As you are being eaten you think "If only I had taken road B!" How could you truly know that road B would have been a better path? You simply cannot know what that path held at that point in time because you did not go that way! Road B doesn't exist anymore, because you took road A. You made the best choice at the time based on what information and input you had. Move on to the next choice.
God is a large part of healing. Note: insert what ever word you like when I type the word "God" whether it be karma, fate, nature, the powers from above or nothing at all, our own fate without the existence of any outside influence. God is just as personal and individualized as pain and healing. Each person feels his own concept, reality and acceptance of God, whatever they perceive Him to be. God is a constant, whether our hearts feel him constantly or not. God, faith, strength and endurance needs to be renewed in each of us from time to time. God is with us throughout all our journeys, and being aware of His presence and love makes each journey far easier. Ask for guidance and help along your journey, who ever you ask it of. Ask to keep your faith strong. Know what is happening is intended. The "why" may not be apparent or may not be within your understanding, but there is a reason for everything, a positive aspect to all things, a learning somewhere in every thing, time and motion in our lives.
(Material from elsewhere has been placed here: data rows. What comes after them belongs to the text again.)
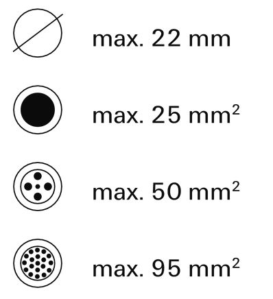 Rezalne klešče za vodnike do 22 mm.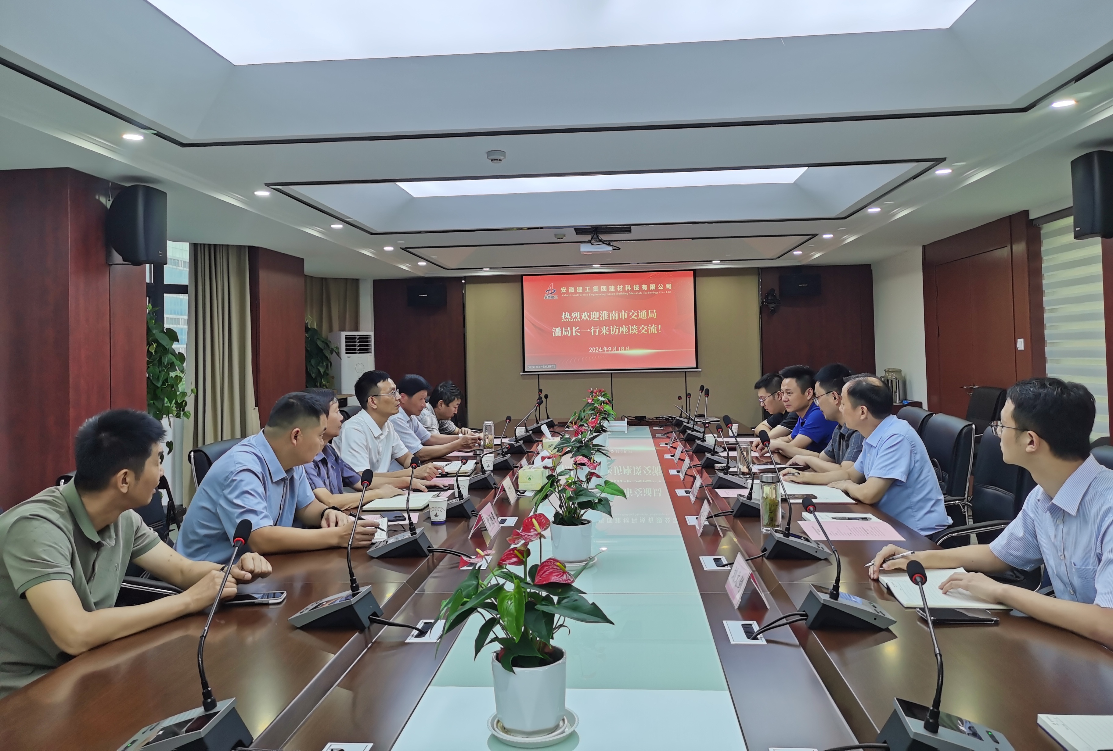 9月19日下午,淮南市交通運輸局黨組成員、副局長潘理想一行到訪建工建材,建工建材黨委委員、副總經理李鑫熱情接待并舉行交流座談會議。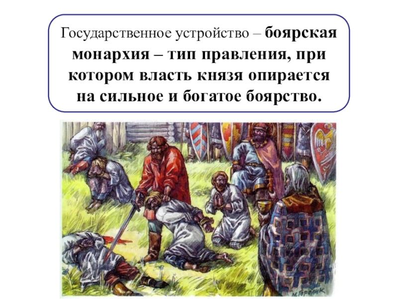 Это была боярская монархия – тип правления, при котором власть князя опирается на сильное и богатое боярство.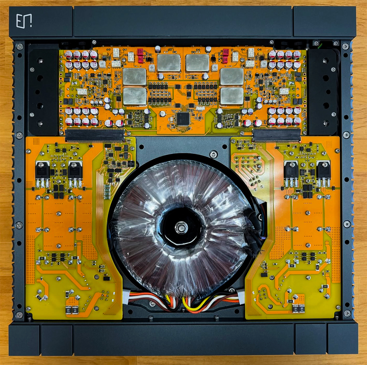 Thinking readers appreciate that 115wpc/8Ω from this compact chassis would turn the entire casework into a heatsink so cook very hot in pure class A. Adaptive bias meanwhile tracks the input signal in real time then dynamically reacts to actual power demands. This relies on very fast processing speeds to avoid any time lag whilst purists might still call it a mere approximation of class A. Krell of yore referred to their implementation of sliding bias as plateau biasing, Technics had their 'new class A'. Today's Chord Ultima 5 might still use a sliding bias scheme as could Schiit's Continuity output stage. We note that over time a number of designers endeavoured to harness the sonic advances of class A whilst reducing the concept's well-known inefficiency. Enleum now formally joined their ranks. For the AMP-23R, Enleum's marketing still focused predominantly on their Ensence circuit as their evolution of Bakoon's original Satri current-mode gain circuit. For the AMP-54R, their latest-gen bias controller has moved deeper into the spotlight and leverages advances in its 32-bit CPU to run the new tracking algorithm for greater precision, more stability and higher power output.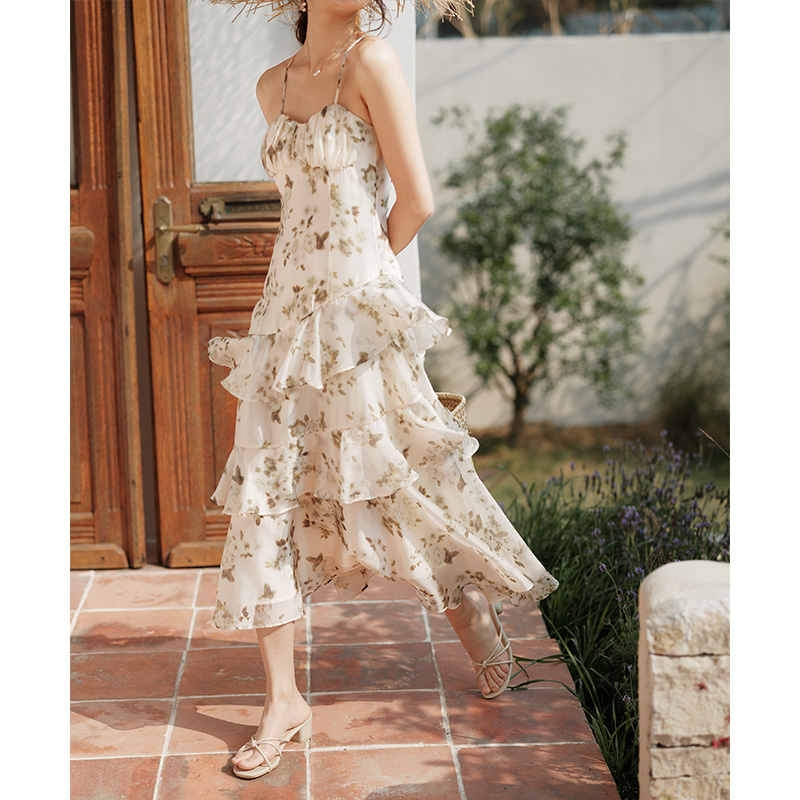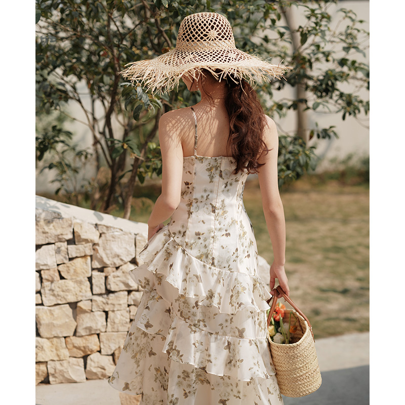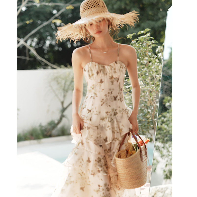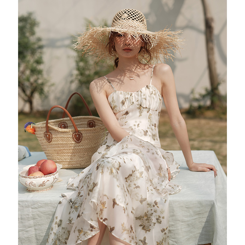 椿山密语叶舒华同款 赫本风海边沙滩裙碎花收腰连衣裙 吊带长裙法式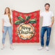 Merry Christmas Cookie with Holly Berries Red Fleece Blanket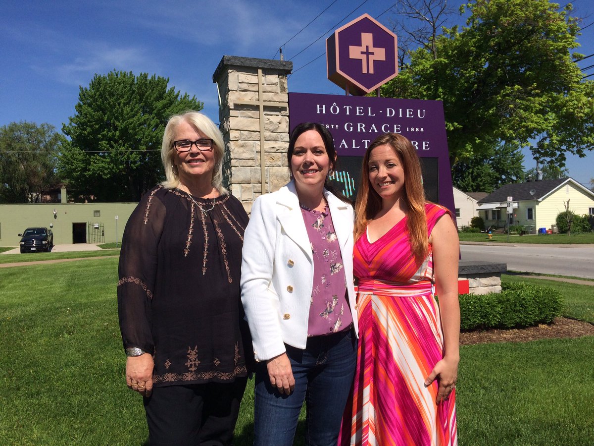 (L to R) Former Ouellette Campus social worker and discharge planner Suzy Sulaiman, Windsor-West MPP Lisa Gretzky and local mother Andrea Corby. May 25, 2018 (Photo by AM800's Teresinha Medeiros)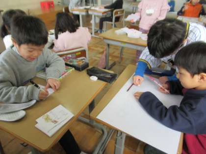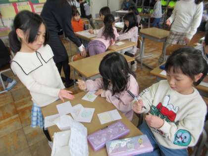 2月9日(金)国語の学習 公開日 2024/02/09 更新日 2024/02/09 1年生 1年生体験入学の準備をしています。来年度の1年生と一緒に楽しむために「お店屋さんごっこ」の準備をしました。お店の看板や商品カードをていねいにかわいらしく仕上げています。みんなで一緒におべんきょうするのを、とても楽しみにしています。

'Why' can be helpful if you have the luxury of being able to see it, understand it or even the time to look for it. Sometimes 'why' is hopelessly buried and actually irrelevant. It can make us lose track of the important issue of acceptance, change and healing. If you do not like the colour red because of an incident when you were two years old, you could go digging until that memory came up, it you recognized it. Or, you could accept the fact that you just don't like red and decorate in greens. If your husband (other life players) cannot live without red, then start searching for a solution today. Learning why you cannot tolerate red will certainly not pay for another house to decorate red, or a divorce. Start with the fact, the 'what', not the 'why' of it.
Change what can be changed. Accept what cannot be changed, and what can not be changed, today. Tomorrow, you start with another game and oft times, things are a bit different. Accept those things as unchangeable, or accpet them until they can be changed. Seek and develop the wisdom to know and understand each concept, their limitations as well as their capabilities. Change is relatively easy, as long as you have the recipe, ingredients, instructions, courage and persistent to finish the job. Not a small job, but within this life the tools, the support and the methods ARE available. Keep looking. Help is out there, in some form or another.
Acceptance is not always as easy, and it can be down right ridiculously difficult. The choice, is, and always will be, yours. It takes a true understanding that if change is not possible, acceptance is the only method of dealing with it so that life can continue without the issue remaining so large of an obstacle that you can't move around it. Keep in mind you always have a choice. You could stop, you could give up, you could die, in many ways. It's always your choice. Do you want this? Really?
Faith is an undying, everlasting companion throughout every healing journey. Faith, if kept warm and alive, will nourish, comfort, calm and strengthen. Faith is belief, no matter how unbelieving you may want to feel, that all is ok, all is as it should be, that all will work out, that there is a way. Faith is trust, no matter how dark or scary it is, how dismal or doomed you feel, that there will be light again.